When you iterate over the list using a for-each construct, it is basically walking across the memory locations (though that is likely just the effect an not the actual mechanism) so say you are at the third item in the list. If you delete it, the fourth item in the list becomes the new third item but then your iterator moves on to the fourth item (which used to be the fifth item). The original fourth item thus gets skipped completely.

In the second case, a new list is created that is a copy of the original list. Then the copy is iterated over but never changed. Each item thus gets checked and, if necessary, the corresponding item with the same value is removed from the original list.
 

Thread Starter

geoffers

Joined Oct 25, 2010
308
Thanks everyone!

That makes perfect sense, in effect the 'counter' is pre incremented before my code has run.

There's always a catch!

Joey, my database at the moment just contains the ewes parents, I query it to get their ID, then query it again to get with that data to get grandparents ID.

I put that in a list and loop through checking for any matches with a potential rams ID, parentage and grandparents.

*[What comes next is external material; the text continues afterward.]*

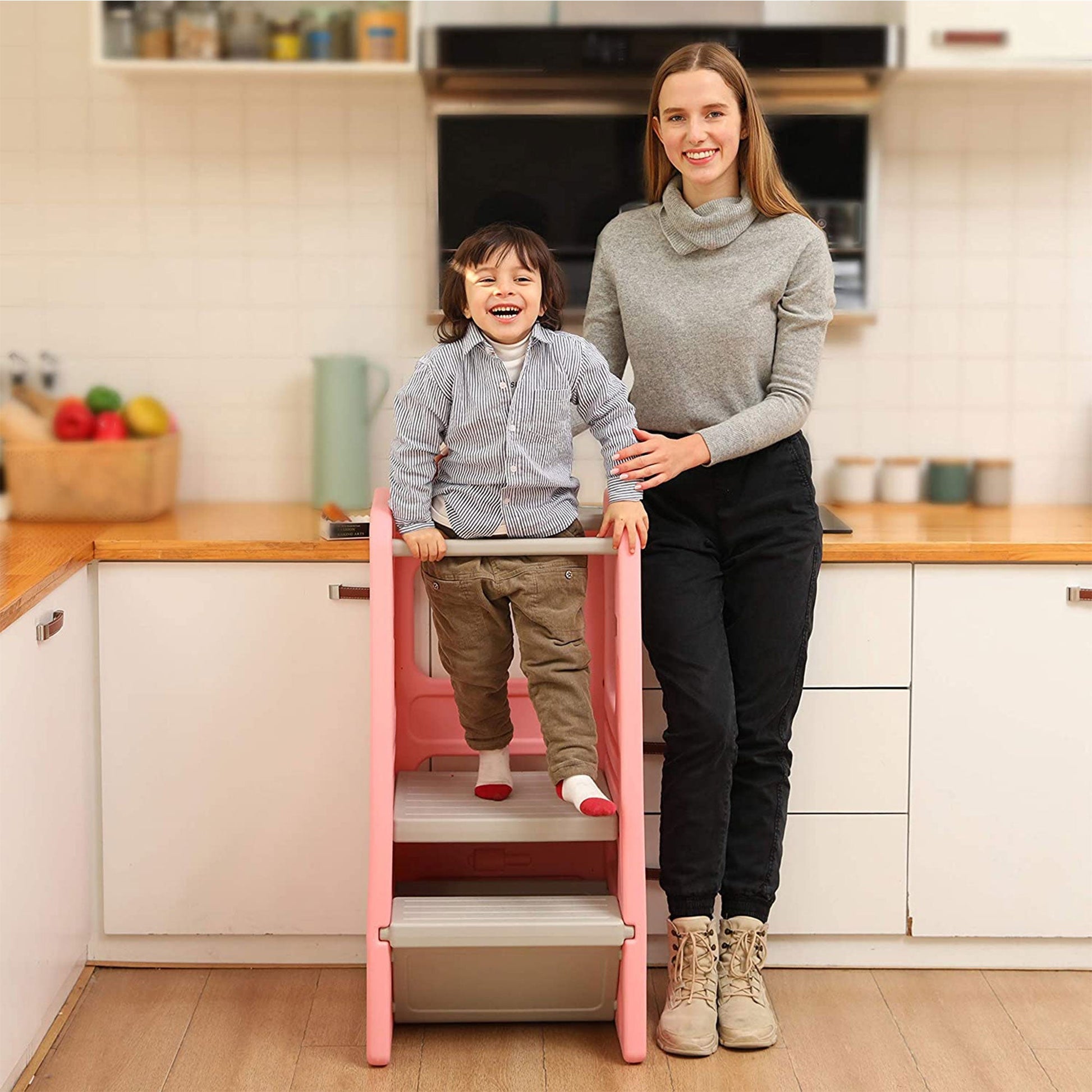 - Toddlers can learn how to help in the kitchen, brush their teeth, wash their hands, and more with this learning stool that grows with them
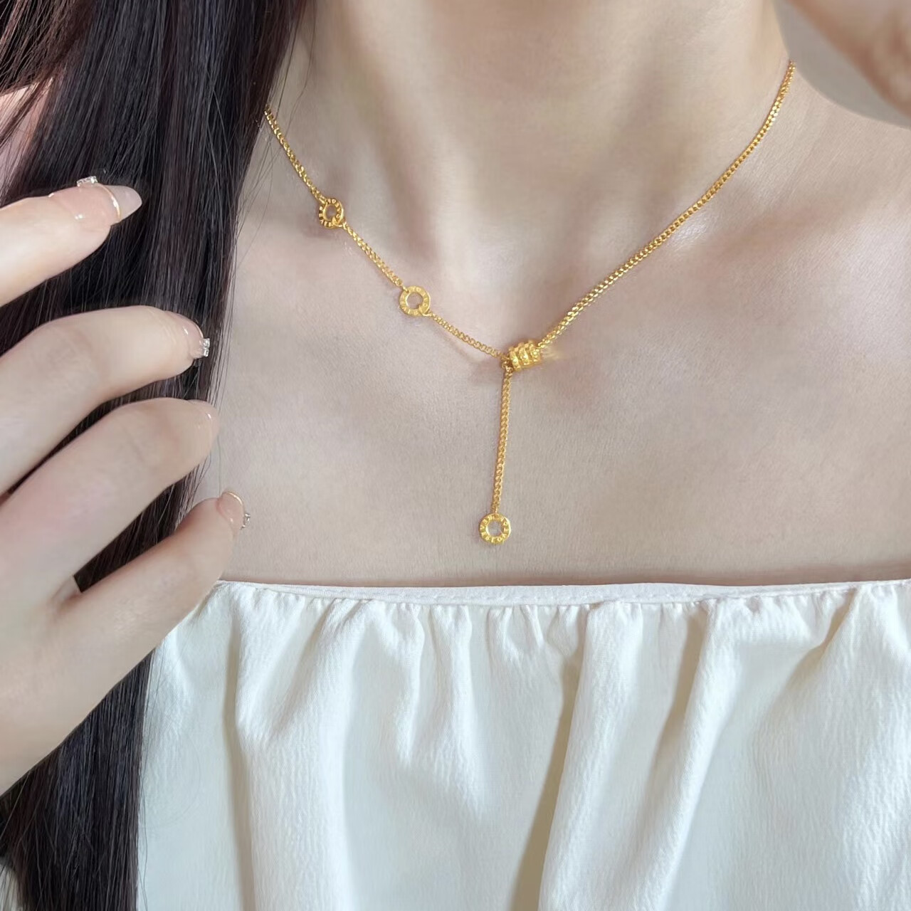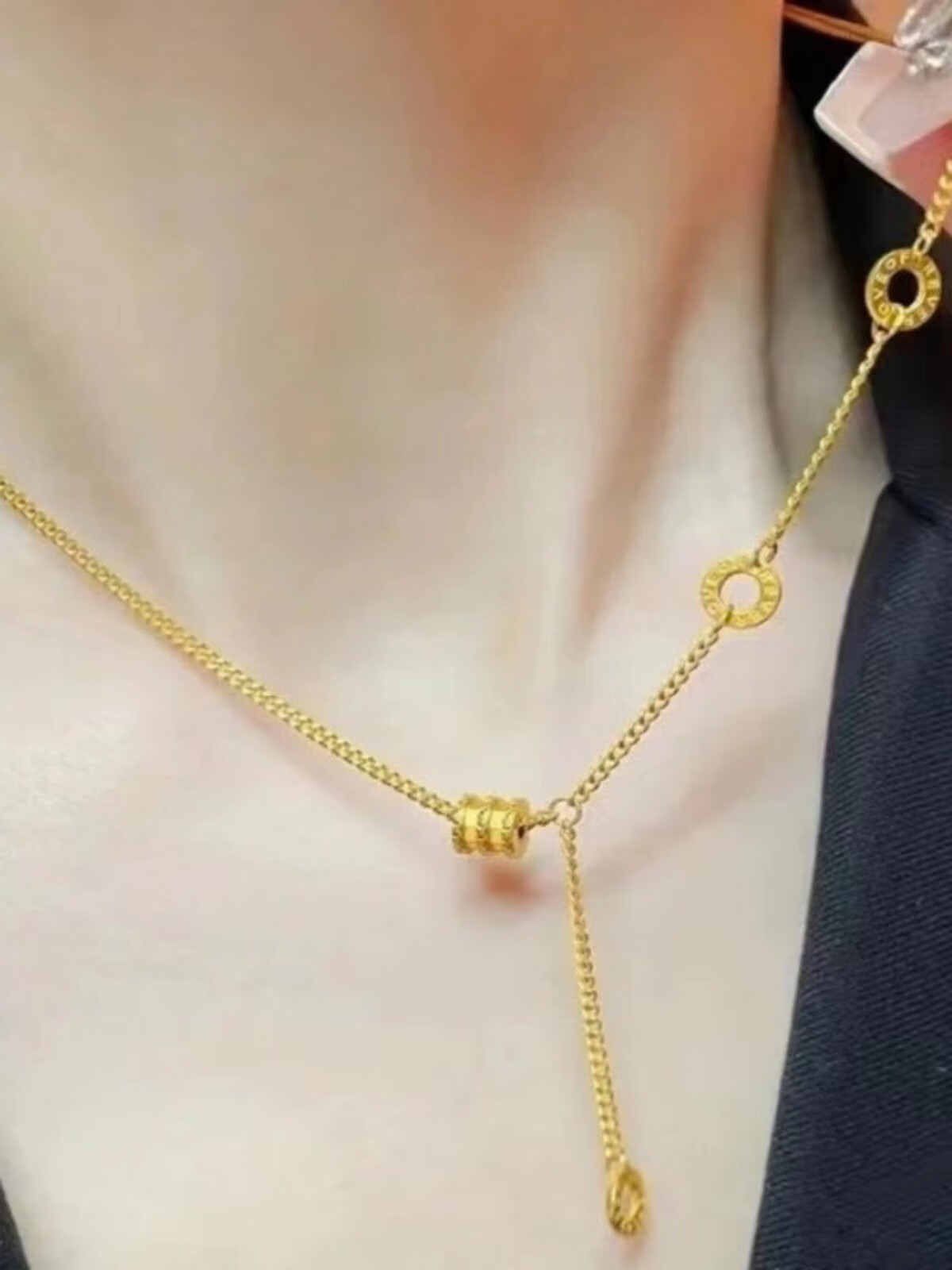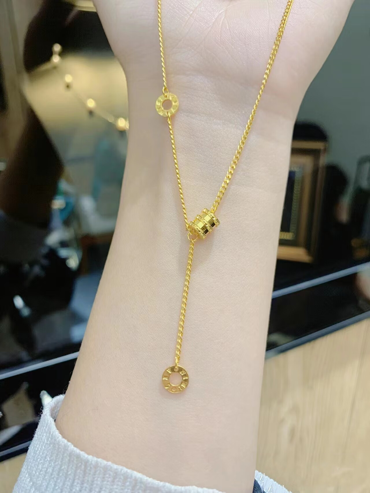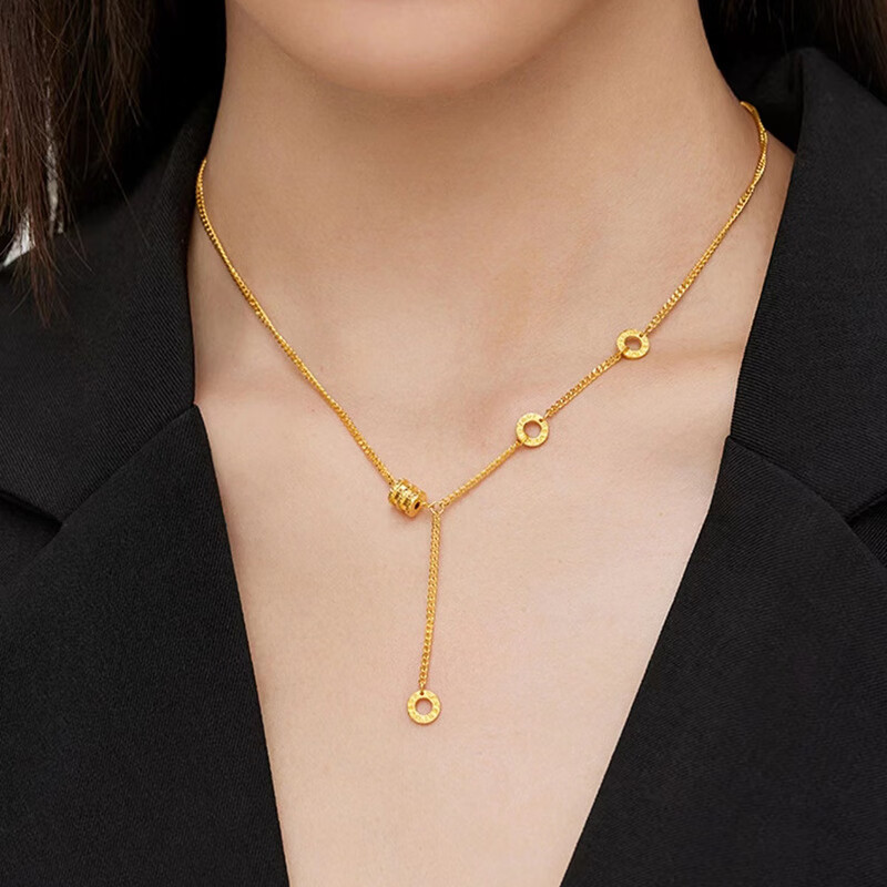 LZJV new 18k gold plated necklace women's gold small waist pendant transfer beads passerby 3d hard gold fashion gift to girlfriend gold small waist necklace

At the moment I'm not sure my database skills are up to doing that in SQL but I'm curious, is it possible without building a new database containing grandparents as a entry?

Cheers Geoff

PS the rams are now with the ewes with no inbreeding going on :cool:
 

WBahn

Joined Mar 31, 2012
24,850
At the moment I'm not sure my database skills are up to doing that in SQL but I'm curious, is it possible without building a new database containing grandparents as a entry?
Yes. In fact, you do not want to add a grandparents entry. Having the ID of the two parents is sufficient. With that, the information necessary to figure out who the grandparents are is there (and you can go back as many generations as you have data for). If you add a grandparents field, now you have two ways to determine who the grandparents are -- directly from that ewe's record or from the records of that ewe's parents. That means that you have redundant data in the data base and that is usually a bad thing. What if the two results don't agree? What if then one part of your application gets the information one way while another part gets it the other? Big problems lay down that path.
 

RAMBO999

Joined Feb 26, 2018
92
Put simply:

The iteration drops out of the loop because "ewe in ewelist" returns a logical false.

In other words whatever the value of ewe is at that time that value does not exist in ewelist.

There are several ways you can debug this if you think there is a bug.